GTU was badly advised but all is not lost

Last week I argued that collective bargaining (CB) cannot increase teachers’ pay to the level they require to compensate for the historical and moral deficiencies they believe they have sustained and are still sustaining, and concluded that a good result for the teachers  can only be won where there exists ‘strong industrial action to induce in the government the political will to positively respond either before its final stage or during that stage by liberalizing the restrictive conditionalities of the arbitration terms of reference.’ I then said that, ‘This government has done little in relation to the teachers to suggest that the political will exists.’
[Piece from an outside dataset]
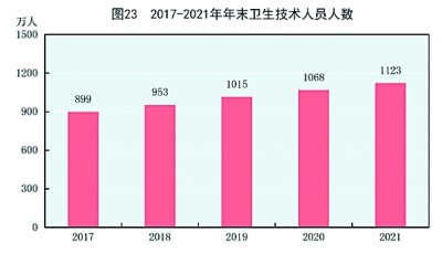 年末全國(guó)共有醫(yī)療衛(wèi)生機(jī)構(gòu)103.1萬個(gè),其中醫(yī)院3.7萬個(gè),在醫(yī)院中有公立醫(yī)院1.2萬個(gè),民營(yíng)醫(yī)院2.5萬個(gè);基層醫(yī)療衛(wèi)生機(jī)構(gòu)97.7萬個(gè),其中鄉(xiāng)鎮(zhèn)衛(wèi)生院3.5萬個(gè),社區(qū)衛(wèi)生服務(wù)中心(站)3.6萬個(gè),門診部(所)30.7萬個(gè),村衛(wèi)生室59.9萬個(gè);專業(yè)公共衛(wèi)生機(jī)構(gòu)1.3萬個(gè),其中疾病預(yù)防控制中心3380個(gè),衛(wèi)生監(jiān)督所(中心)2790個(gè)。年末衛(wèi)生技術(shù)人員1123萬人,其中執(zhí)業(yè)醫(yī)師和執(zhí)業(yè)助理醫(yī)師427萬人,注冊(cè)護(hù)士502萬人。醫(yī)療衛(wèi)生機(jī)構(gòu)床位957萬張,其中醫(yī)院748萬張,鄉(xiāng)鎮(zhèn)衛(wèi)生院144萬張。全年總診療人次[70]85.3億人次,出院人數(shù)[71]2.4億人。截至年末,全國(guó)累計(jì)報(bào)告新型冠狀病毒肺炎確診病例102314例,累計(jì)治愈出院病例94792例,累計(jì)死亡4636人。全國(guó)累計(jì)報(bào)告接種新型冠狀病毒疫苗283533萬劑次。全國(guó)共有11937家醫(yī)療衛(wèi)生機(jī)構(gòu)提供新型冠狀病毒核酸檢測(cè)服務(wù),總檢測(cè)能力達(dá)到4168萬份/天。(見圖23)

We are at the final stage of the CB process without any of the above occurring, largely because I believe the Guyana Teachers’ Union (GTU) leadership was badly advised. The union has now reached the arbitration stage and inexplicably has called off the strike without having first concluded the terms of reference for the proposed arbitration. Furthermore, so far as I am aware, during the conciliation process it was unable to extract any new meaningful offer from the government and rather than leaving it to the arbitrators to decide, it has stated without any good reason that it was willing to accept a 20% increase in wages instead of the 40% the task force that examined the government finances recommended!

Public servants are generally viewed as intolerant and useless: adding unnecessary cost to relevant levels of the production process. But perhaps because most of us have had a favourite teacher and had, have, or will have children in whose success teachers have played, are playing or will play a substantial part, in my opinion, in our society teachers represent the soul of the public service. While it is true that some teachers are accused of not properly teaching and forcing children into after-school lessons, even the need for those lessons is usually blamed on the state. Therefore, most people – even the APNU+AFC government – want a better deal for teachers and the union began the strike with an unusual level of public support.